Re: Days and hours
Re: Days and hours
- Subject: Re: Days and hours
- From: has <email@hidden>
- Date: Sat, 22 Oct 2005 21:29:49 +0100
deivy petrescu wrote:
>>>Yes, that's cool. However you get a coarser granularity than with chrono.
>>>OM(BN)M, Automator says 0.002, while chrono says 0.0002.
>>
>>Which hardly matters if the margin of error is significantly larger than either measurement.
>
>I am sorry, but your analysis is wrong. The significancy of your measurement is determined by the instrument you use to measure.

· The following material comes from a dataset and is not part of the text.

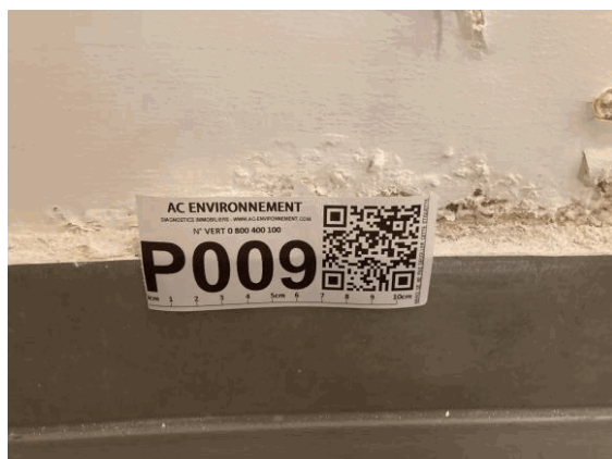
002ER361257 n°9 - 1 (P9) - CAISSE NATIONALE MILITAIRE DU SECURITE SOCIALE - Vol 2 (Cafétéria)
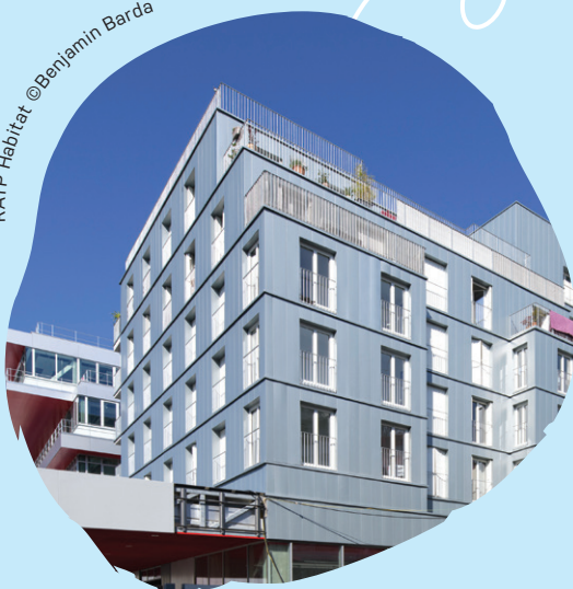
RATP Habitat

Grand propriétaire foncier à la tête de 700 hectares en Île-de-France, le Groupe RATP s'appuie sur sa filiale immobilière sociale, RATP Habitat, pour transformer une contrainte en opportunité. L'organisme construit des logements destinés à loger ses travailleurs essentiels en superposition/surélévation au-dessus de centres de bus, de stations de métro ou de trams. Objectif : avoir construit plus de 2 000 logements d'ici à 10 ans, dont la moitié de logements sociaux. À la clé : optimisation foncière, prise en compte des contraintes spécifiques de la ville, qualité architecturale et durabilité.

Nope, the instrument in turn is only as accurate as the amount of background noise affecting it relative to the duration of the test.[1][2] The shorter the duration, the less accurate the measurement. You might have a super-accurate timer that measures to the bazillionth place, but there's no guarantee that the garbage collector won't kick in or other processes suddenly grab more (or less) processor cycles during the test and throw its result completely for a loop. Run a short-duration algorithm multiple times and [hopefully] such unpredictable variations are averaged out till they're no longer significant. Run it only once, and there's every chance of that particular measurement being wildly out due to factors outside its control. Just because computers are supposed to be deterministic doesn't mean they're not out to get you. :p
has
[1] Unless of course the timer's resolution is even lower (i.e. crap), which would be true for something like 'current time' but for the OPs' examples seems unlikely.
[2] ±0.1 sec was suggested only a worst-case example to illustrate the point, btw. I'd expect it to be quite a bit better than that in practice, but you'd really have to run a pile of tests to determine the "exact" level of precision you can expect.